For every entry below, give an exact repeat and leave out the pictures.

-------- Data for this task

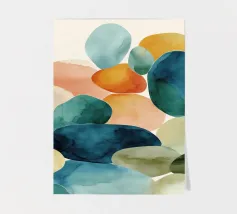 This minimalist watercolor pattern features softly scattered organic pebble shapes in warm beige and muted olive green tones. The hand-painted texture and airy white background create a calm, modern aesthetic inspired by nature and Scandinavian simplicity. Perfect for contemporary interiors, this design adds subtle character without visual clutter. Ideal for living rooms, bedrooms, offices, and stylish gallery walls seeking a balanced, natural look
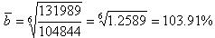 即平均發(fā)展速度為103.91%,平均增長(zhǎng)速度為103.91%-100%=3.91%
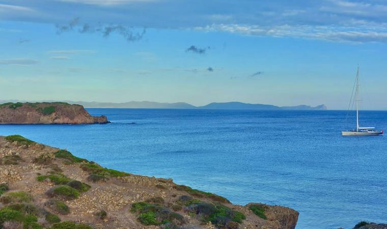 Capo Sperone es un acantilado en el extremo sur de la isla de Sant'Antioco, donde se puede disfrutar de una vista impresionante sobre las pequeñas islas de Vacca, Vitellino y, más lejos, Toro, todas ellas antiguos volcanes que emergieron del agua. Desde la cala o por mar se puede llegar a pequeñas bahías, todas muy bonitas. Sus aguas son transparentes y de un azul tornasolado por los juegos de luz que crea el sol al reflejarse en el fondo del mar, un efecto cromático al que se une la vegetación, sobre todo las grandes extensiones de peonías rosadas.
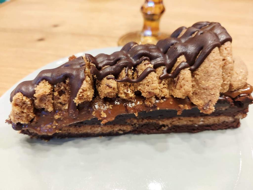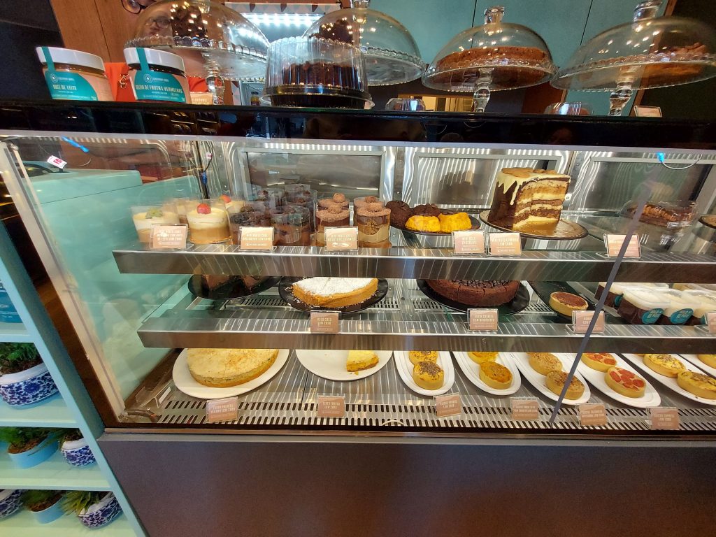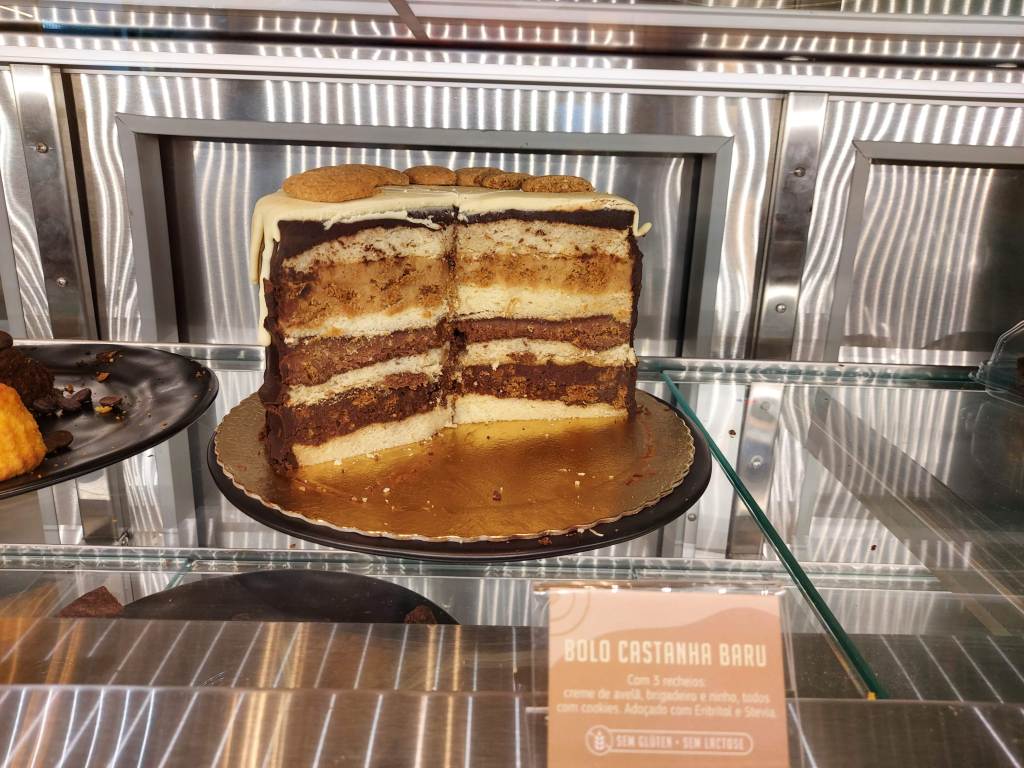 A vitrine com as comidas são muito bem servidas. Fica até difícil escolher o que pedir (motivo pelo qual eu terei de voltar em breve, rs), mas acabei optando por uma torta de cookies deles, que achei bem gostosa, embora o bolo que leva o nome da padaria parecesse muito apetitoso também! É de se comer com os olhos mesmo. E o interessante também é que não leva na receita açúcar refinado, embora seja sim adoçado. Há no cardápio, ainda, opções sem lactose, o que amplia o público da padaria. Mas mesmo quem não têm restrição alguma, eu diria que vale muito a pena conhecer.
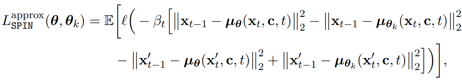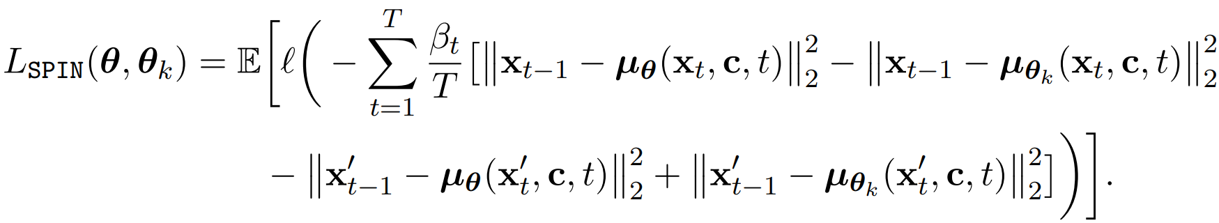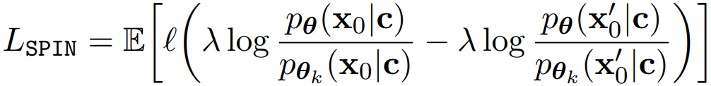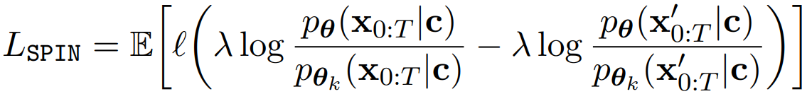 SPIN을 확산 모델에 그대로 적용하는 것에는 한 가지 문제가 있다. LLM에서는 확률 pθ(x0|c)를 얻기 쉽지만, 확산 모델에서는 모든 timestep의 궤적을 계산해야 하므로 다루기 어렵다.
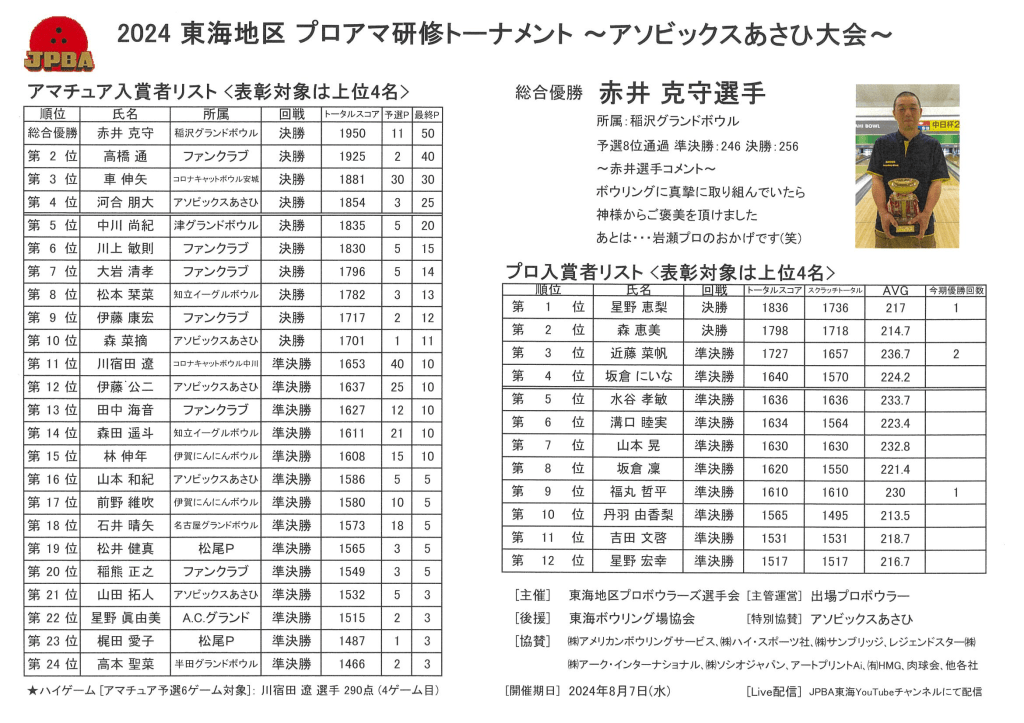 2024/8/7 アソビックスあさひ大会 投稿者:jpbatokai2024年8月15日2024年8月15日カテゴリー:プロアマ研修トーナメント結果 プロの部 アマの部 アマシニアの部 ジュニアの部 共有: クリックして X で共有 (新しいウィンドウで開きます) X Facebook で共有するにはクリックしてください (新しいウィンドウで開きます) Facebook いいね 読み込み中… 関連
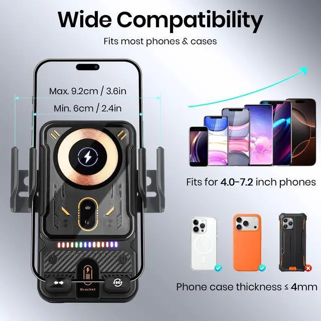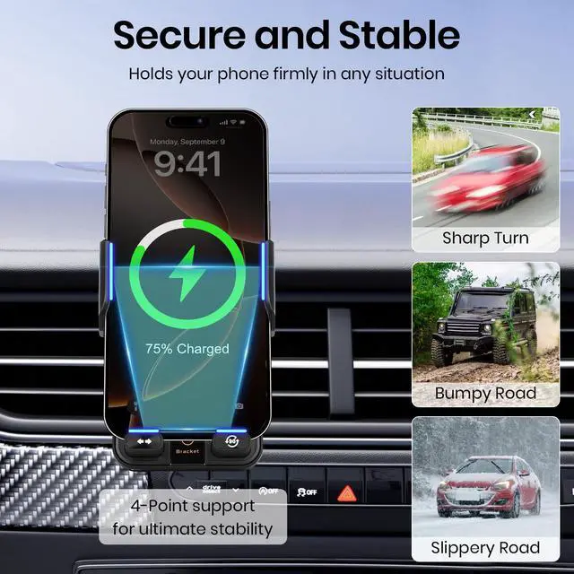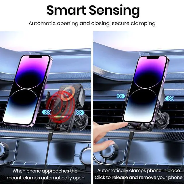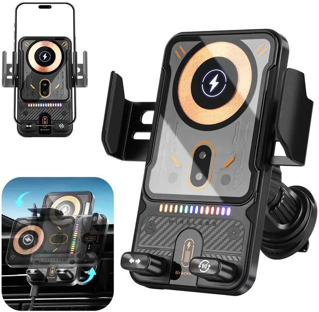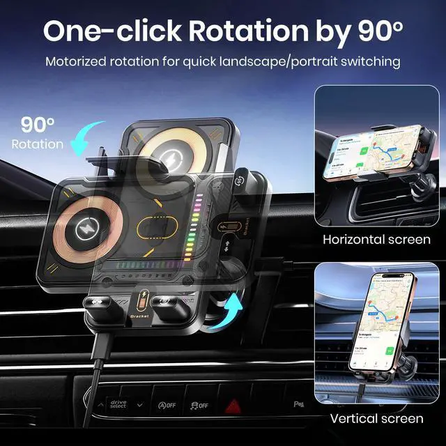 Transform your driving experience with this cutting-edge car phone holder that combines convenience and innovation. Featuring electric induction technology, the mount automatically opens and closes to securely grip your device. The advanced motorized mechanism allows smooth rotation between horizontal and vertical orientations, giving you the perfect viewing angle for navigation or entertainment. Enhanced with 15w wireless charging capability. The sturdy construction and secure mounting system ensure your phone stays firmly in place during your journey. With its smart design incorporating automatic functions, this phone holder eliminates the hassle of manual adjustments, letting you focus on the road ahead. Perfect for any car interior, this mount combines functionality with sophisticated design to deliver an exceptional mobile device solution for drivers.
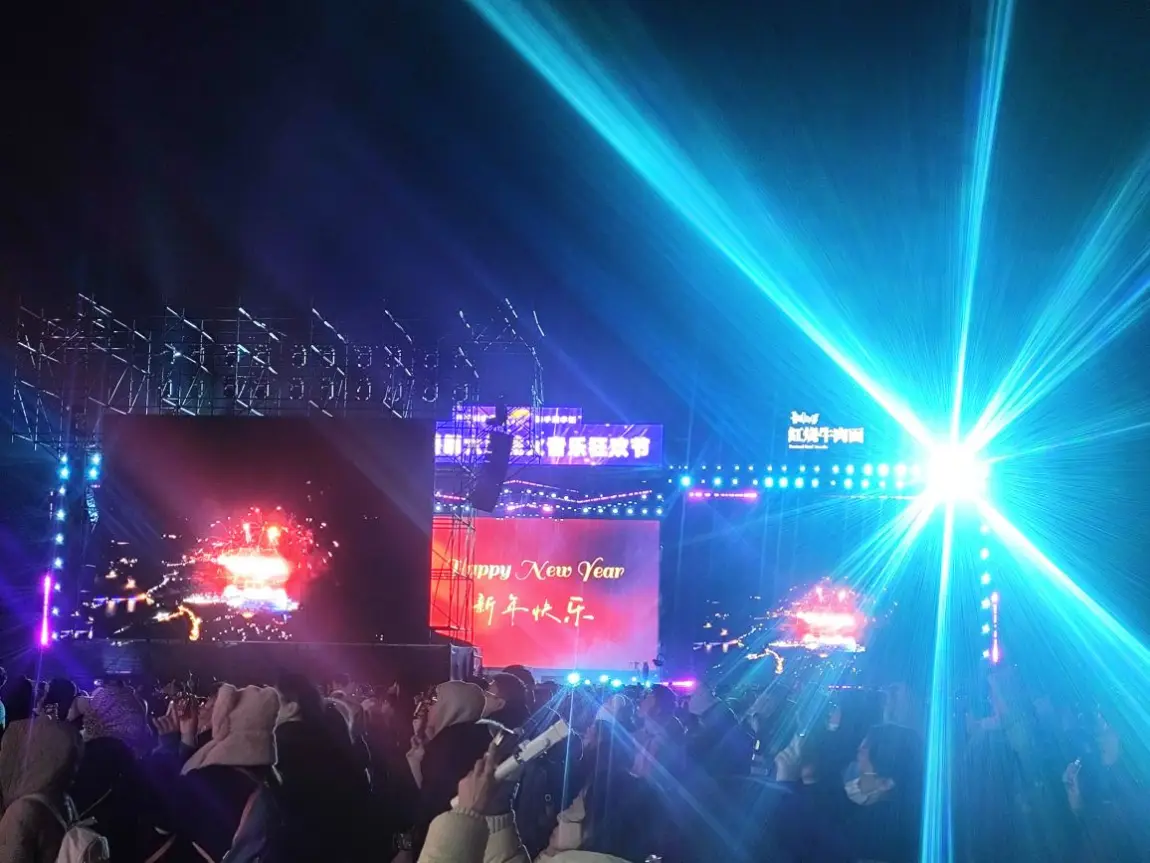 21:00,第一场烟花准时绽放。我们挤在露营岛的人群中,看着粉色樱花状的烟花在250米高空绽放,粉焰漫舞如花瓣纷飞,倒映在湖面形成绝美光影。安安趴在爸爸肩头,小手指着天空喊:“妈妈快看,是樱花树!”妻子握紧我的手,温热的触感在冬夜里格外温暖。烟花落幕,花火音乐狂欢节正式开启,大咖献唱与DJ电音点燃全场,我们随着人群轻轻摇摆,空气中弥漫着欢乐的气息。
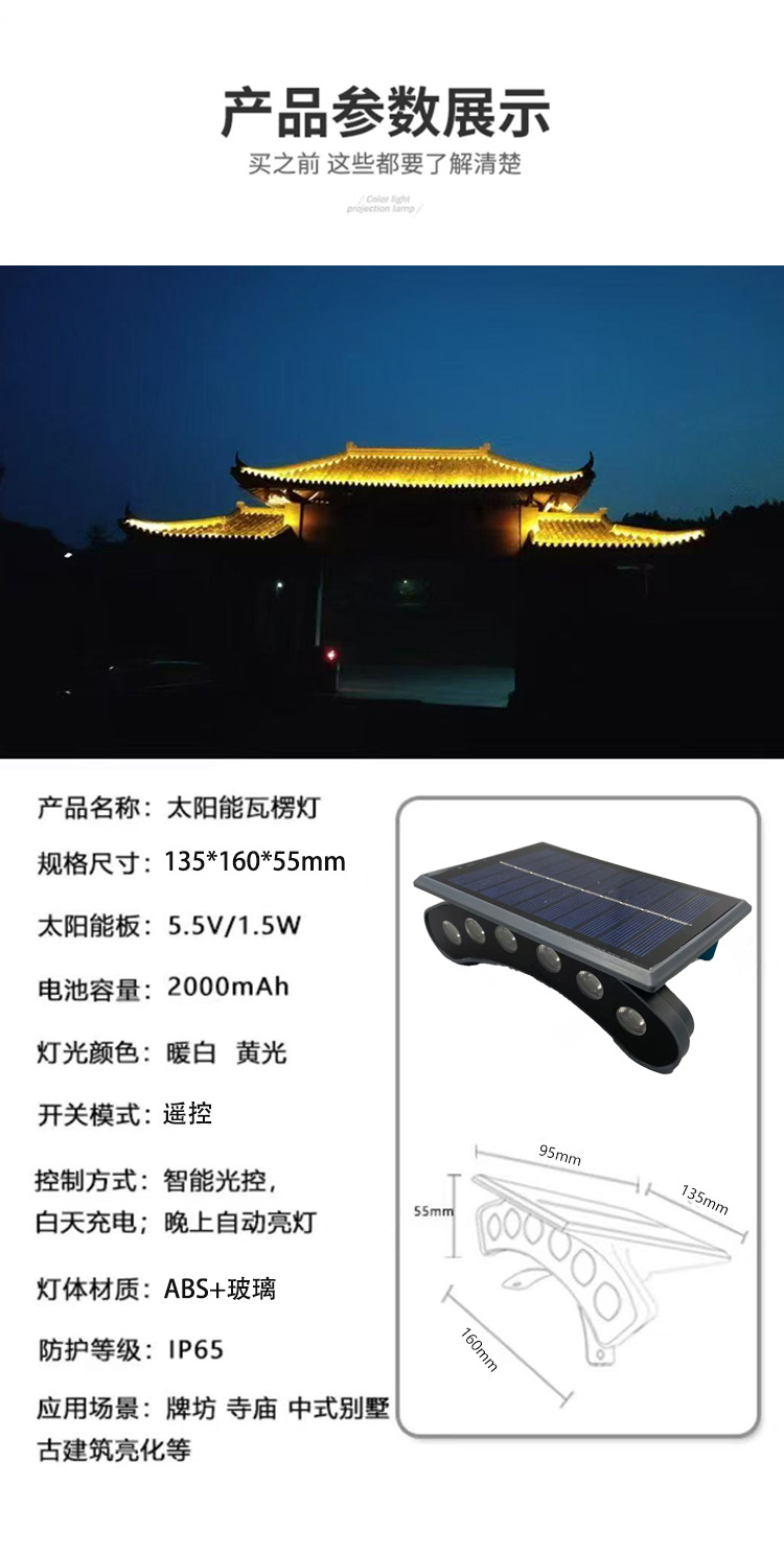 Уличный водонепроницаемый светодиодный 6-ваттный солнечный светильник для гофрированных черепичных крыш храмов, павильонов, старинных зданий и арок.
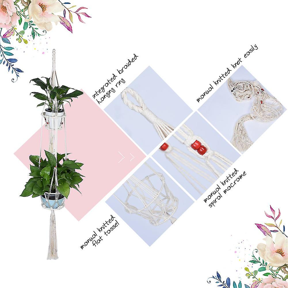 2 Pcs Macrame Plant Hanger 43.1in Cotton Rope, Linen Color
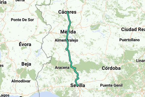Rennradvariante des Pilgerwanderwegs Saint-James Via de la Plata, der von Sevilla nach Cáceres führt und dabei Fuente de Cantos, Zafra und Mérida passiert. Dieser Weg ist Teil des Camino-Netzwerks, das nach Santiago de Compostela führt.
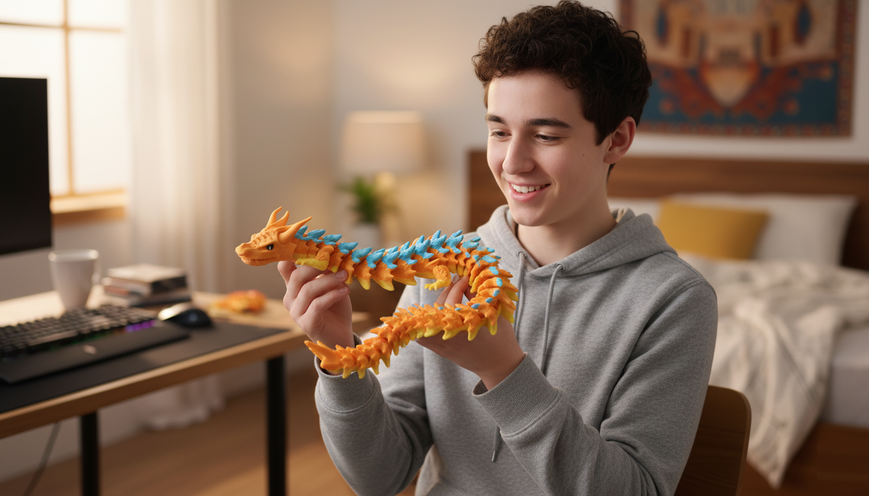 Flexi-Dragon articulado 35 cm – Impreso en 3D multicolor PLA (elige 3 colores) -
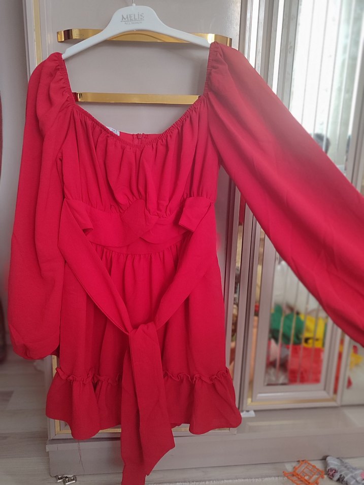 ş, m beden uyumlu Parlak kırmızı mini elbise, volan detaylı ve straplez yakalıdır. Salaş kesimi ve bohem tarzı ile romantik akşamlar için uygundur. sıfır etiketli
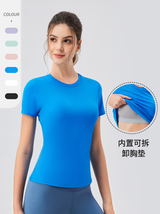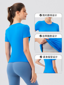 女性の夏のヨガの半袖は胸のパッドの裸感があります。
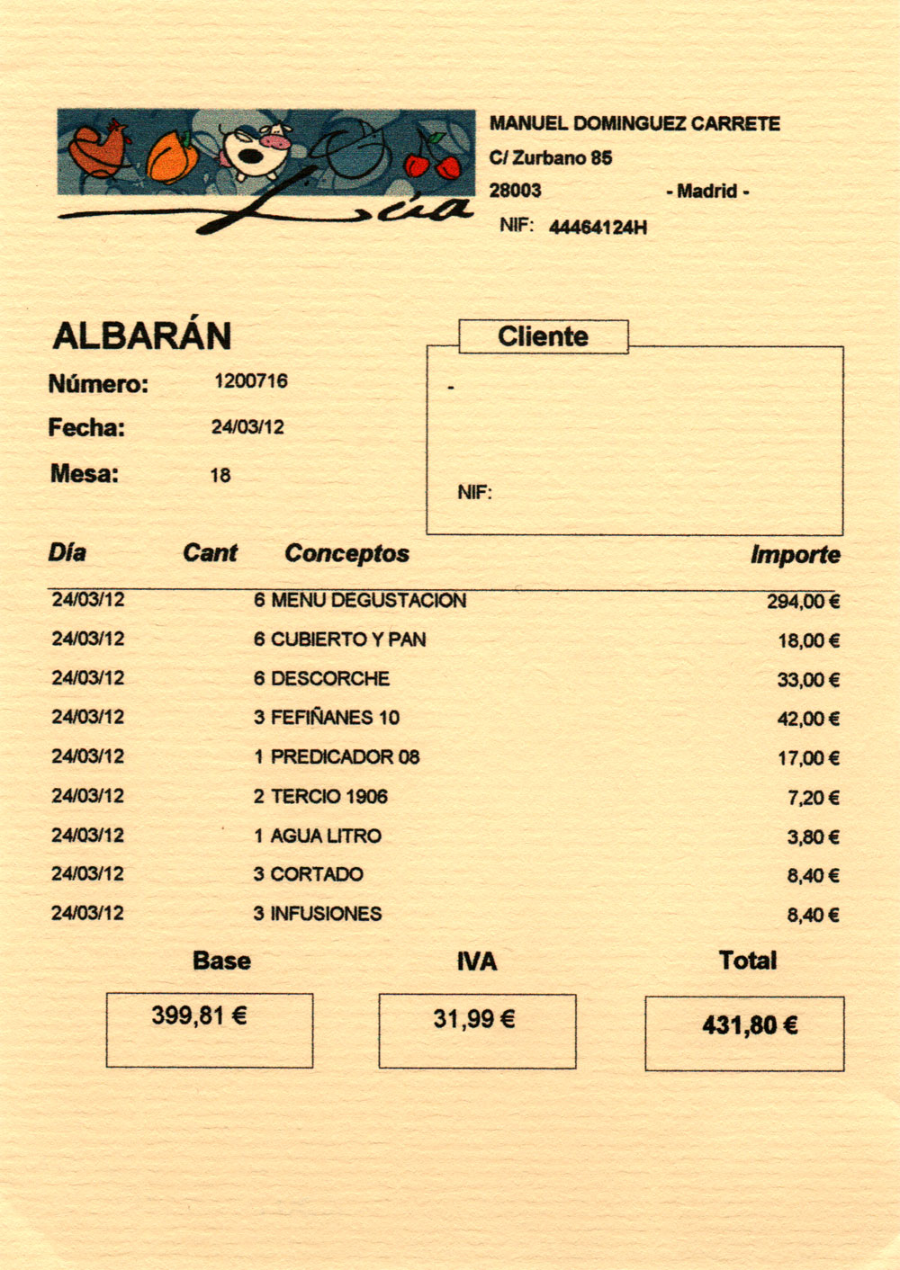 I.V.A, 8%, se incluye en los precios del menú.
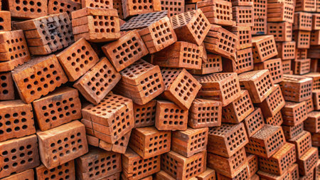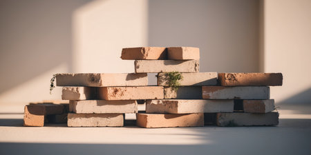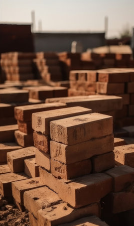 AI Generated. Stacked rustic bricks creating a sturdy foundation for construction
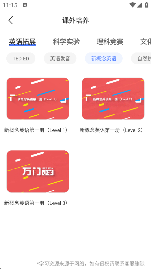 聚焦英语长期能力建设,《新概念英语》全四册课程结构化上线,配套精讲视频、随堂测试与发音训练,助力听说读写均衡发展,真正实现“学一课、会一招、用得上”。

----------------

**Solved exercise:**
 This minimalist watercolor pattern features softly scattered organic pebble shapes in warm beige and muted olive green tones. The hand-painted texture and airy white background create a calm, modern aesthetic inspired by nature and Scandinavian simplicity. Perfect for contemporary interiors, this design adds subtle character without visual clutter. Ideal for living rooms, bedrooms, offices, and stylish gallery walls seeking a balanced, natural look
 即平均發(fā)展速度為103.91%,平均增長(zhǎng)速度為103.91%-100%=3.91%
 Capo Sperone es un acantilado en el extremo sur de la isla de Sant'Antioco, donde se puede disfrutar de una vista impresionante sobre las pequeñas islas de Vacca, Vitellino y, más lejos, Toro, todas ellas antiguos volcanes que emergieron del agua. Desde la cala o por mar se puede llegar a pequeñas bahías, todas muy bonitas. Sus aguas son transparentes y de un azul tornasolado por los juegos de luz que crea el sol al reflejarse en el fondo del mar, un efecto cromático al que se une la vegetación, sobre todo las grandes extensiones de peonías rosadas.
 A vitrine com as comidas são muito bem servidas. Fica até difícil escolher o que pedir (motivo pelo qual eu terei de voltar em breve, rs), mas acabei optando por uma torta de cookies deles, que achei bem gostosa, embora o bolo que leva o nome da padaria parecesse muito apetitoso também! É de se comer com os olhos mesmo. E o interessante também é que não leva na receita açúcar refinado, embora seja sim adoçado. Há no cardápio, ainda, opções sem lactose, o que amplia o público da padaria. Mas mesmo quem não têm restrição alguma, eu diria que vale muito a pena conhecer.
 SPIN을 확산 모델에 그대로 적용하는 것에는 한 가지 문제가 있다. LLM에서는 확률 pθ(x0|c)를 얻기 쉽지만, 확산 모델에서는 모든 timestep의 궤적을 계산해야 하므로 다루기 어렵다.
 2024/8/7 アソビックスあさひ大会 投稿者:jpbatokai2024年8月15日2024年8月15日カテゴリー:プロアマ研修トーナメント結果 プロの部 アマの部 アマシニアの部 ジュニアの部 共有: クリックして X で共有 (新しいウィンドウで開きます) X Facebook で共有するにはクリックしてください (新しいウィンドウで開きます) Facebook いいね 読み込み中… 関連
 Transform your driving experience with this cutting-edge car phone holder that combines convenience and innovation. Featuring electric induction technology, the mount automatically opens and closes to securely grip your device. The advanced motorized mechanism allows smooth rotation between horizontal and vertical orientations, giving you the perfect viewing angle for navigation or entertainment. Enhanced with 15w wireless charging capability. The sturdy construction and secure mounting system ensure your phone stays firmly in place during your journey. With its smart design incorporating automatic functions, this phone holder eliminates the hassle of manual adjustments, letting you focus on the road ahead. Perfect for any car interior, this mount combines functionality with sophisticated design to deliver an exceptional mobile device solution for drivers.
 21:00,第一场烟花准时绽放。我们挤在露营岛的人群中,看着粉色樱花状的烟花在250米高空绽放,粉焰漫舞如花瓣纷飞,倒映在湖面形成绝美光影。安安趴在爸爸肩头,小手指着天空喊:“妈妈快看,是樱花树!”妻子握紧我的手,温热的触感在冬夜里格外温暖。烟花落幕,花火音乐狂欢节正式开启,大咖献唱与DJ电音点燃全场,我们随着人群轻轻摇摆,空气中弥漫着欢乐的气息。
 Уличный водонепроницаемый светодиодный 6-ваттный солнечный светильник для гофрированных черепичных крыш храмов, павильонов, старинных зданий и арок.
 2 Pcs Macrame Plant Hanger 43.1in Cotton Rope, Linen Color
Rennradvariante des Pilgerwanderwegs Saint-James Via de la Plata, der von Sevilla nach Cáceres führt und dabei Fuente de Cantos, Zafra und Mérida passiert. Dieser Weg ist Teil des Camino-Netzwerks, das nach Santiago de Compostela führt.
 Flexi-Dragon articulado 35 cm – Impreso en 3D multicolor PLA (elige 3 colores) -
 ş, m beden uyumlu Parlak kırmızı mini elbise, volan detaylı ve straplez yakalıdır. Salaş kesimi ve bohem tarzı ile romantik akşamlar için uygundur. sıfır etiketli
 女性の夏のヨガの半袖は胸のパッドの裸感があります。
 I.V.A, 8%, se incluye en los precios del menú.
 AI Generated. Stacked rustic bricks creating a sturdy foundation for construction
 聚焦英语长期能力建设,《新概念英语》全四册课程结构化上线,配套精讲视频、随堂测试与发音训练,助力听说读写均衡发展,真正实现“学一课、会一招、用得上”。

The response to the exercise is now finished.